Finding out half of the student population simply no longer existed according to the university and the country in general was a shock. Finding out you were one of them is worse. Three years of study and grades, simply gone. All those papers I’d carefully written, nothing more than digital ashes now.

Most of the students who ended up SINless went home. More shocks were in store for me when I found out I had no home to go back to. My dad died in the riots. My mom’s death was worse…how do you get your lifesaving medication when the computer says not only do you not have medical insurance, you don’t exist, period.

So there I was, stuck on the other side of the continent, in another country, no record I’d ever existed. When my records and SIN vanished, so did my financial aid for college. What was I going to do?
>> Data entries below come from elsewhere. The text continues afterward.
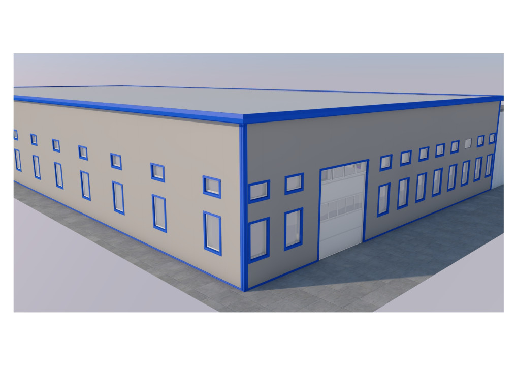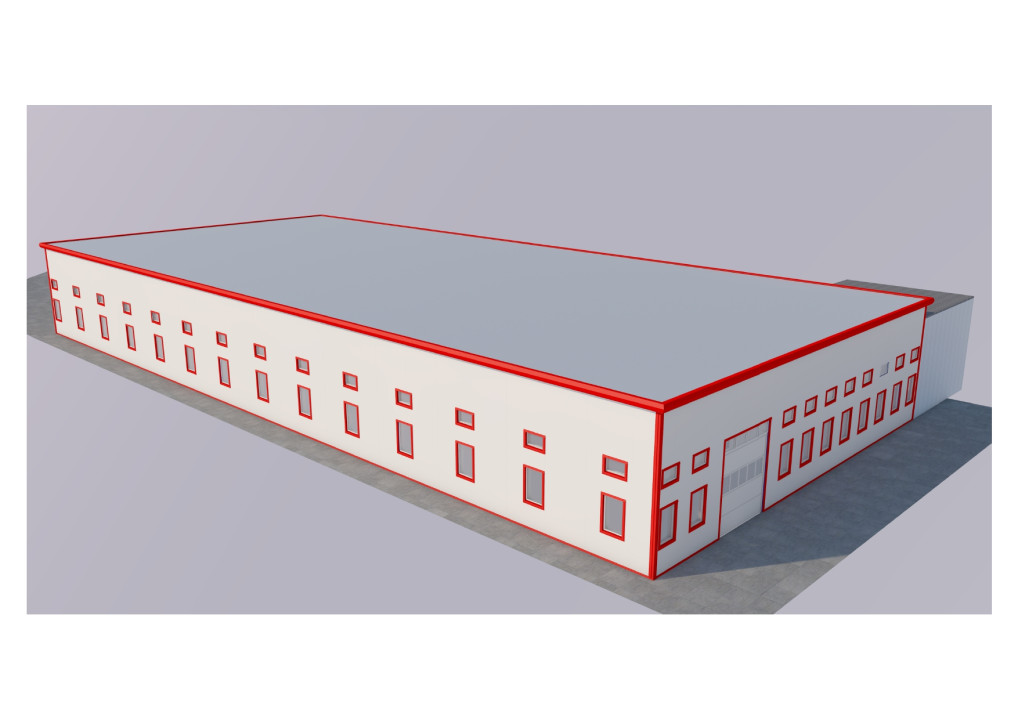 - Az épület acél vázas, szendvicspanel vagy trapézlemez oldalfalakkal, tetején új hőszigetelt PVC fedés;
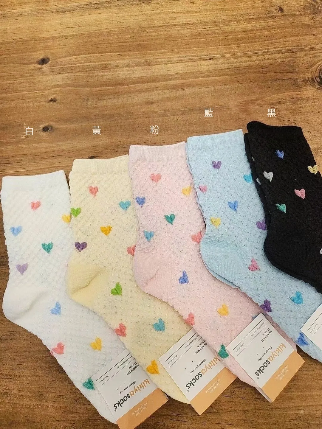 CM121彩虹色蠟筆小愛心襪 白 黃 粉 藍 黑 $39 包色$175
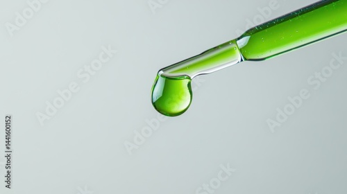 Closeup of Green skincare,A drop of transparent cosmetic gel on a green background,product liquid bubble,serum drops scattered ,Collagen gel,Aloe Vera cosmetic gel,The concept of natural cosmetics.
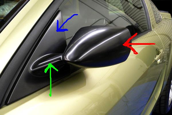 So, the mirror housing (red arrow) is painted body color. The trim piece (blue arrow) stays black. How about the mirror housing support (green arrow) body color also or leave black as well?
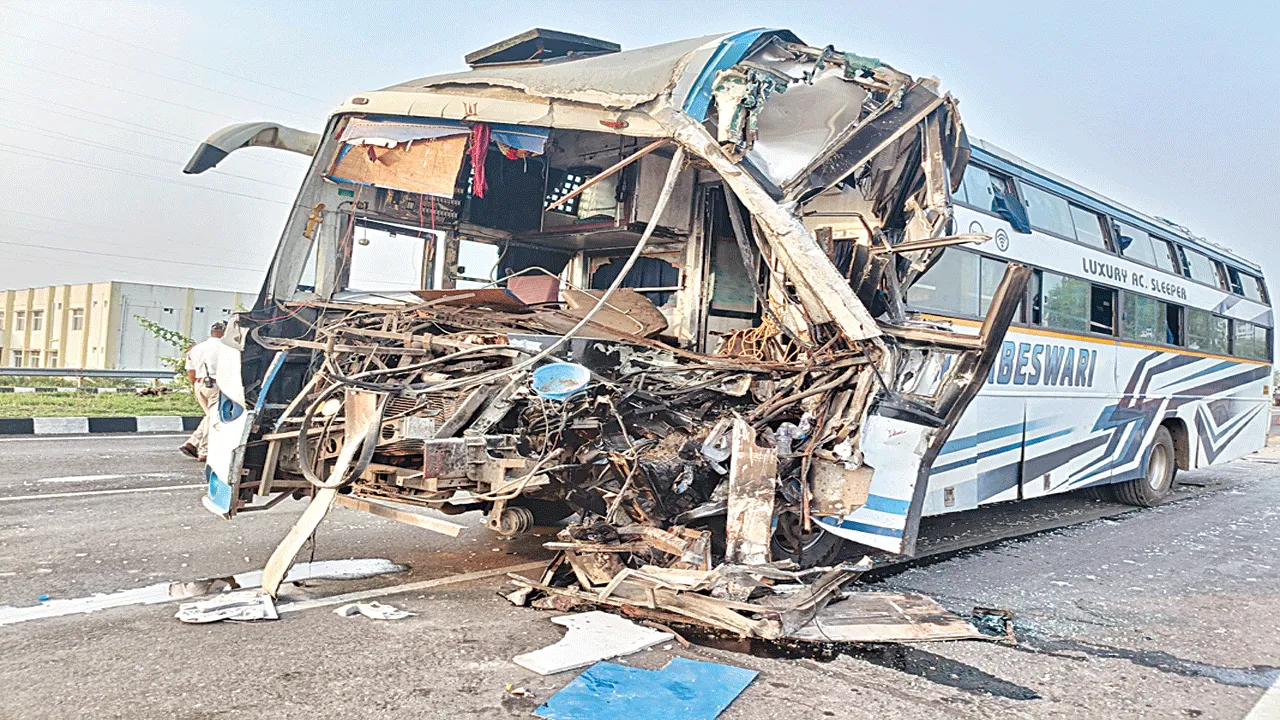 లారీని ఢీకొన్న ట్రావెల్ బస్సు.. 15 మందికి గాయాలు

Seattle University did better than some of the secular colleges. For those of us who stayed, the college worked out an alternative way for us to continue our education under the radar. Sympathetic professors allowed us to audit large classes with the lucky ones for off-the-books credit, and online courses and independent study helped out, too. But we all knew that it would take us longer to get our degrees, years longer. No more the 4 year bachelor’s degree, more like 6 or seven years, and even longer for those of us wanting advanced degrees.

When the population of the college shrank, so did availability of work-study programs, even the more home-grown ones the college put into play for the SINless. We couldn’t all mop floors in the cafeteria, or help students with their Matrix accounts in the computer labs. We had to get money somehow, somewhere.

And then the bishop of the diocese came to speak to us at a convocation. He didn’t outright say it, but his homily on Easter Sunday told us that shadowrunning, as long as we lived according to our faith and showed others how Christ worked through us, was a viable option. I spoke to my spiritual director about this, and he also recommended it, gently reminding me that just because I had to take an unorthodox way of working, I was not exempt from my duty as a Catholic Christian. I could not accept jobs that broke the Ten Commandments. I could not kill, except in self-defence and only as a last resort. I could not steal, and I had to fight the urge to covet what those who had more than me had.

So now I work in the shadows to pay for my education, and, maybe, to bring the Light of the World to illuminate the shadows. It hasn’t been easy. I couldn’t find an all-Catholic group like some I know work in. I’m the only Catholic in mine, the only Christian. I’m trying to get Wallace to come to Mass with me again, even though he complains about the incense bothering him, and, anyway, Scots are mostly Protestant.

My Japanese compatriots rail about cultural imperialism, and I point out the stories of the martyrs of Nagasaki, mostly Japanese, crucified under the orders of a Shinto Kampaku, and, 500 years later, the miraculous deliverance of Jesuit priests at ground zero in Nagasaki who attributed their survival to the living of the Fatima messages, to show all people can walk with the Lord without giving up their identity.

And, for my Ukranian friend, I tell him about the Marian apparitions at Hrushiv and the white martyrdom of those like Josip Terelya, who did prison time under the communists.

I will never give up hope, and I will always keep towards the goal I have set for myself. Besides, compared to what St. Paul went through, shadowrunning’s pretty easy, especially with the help of Christ.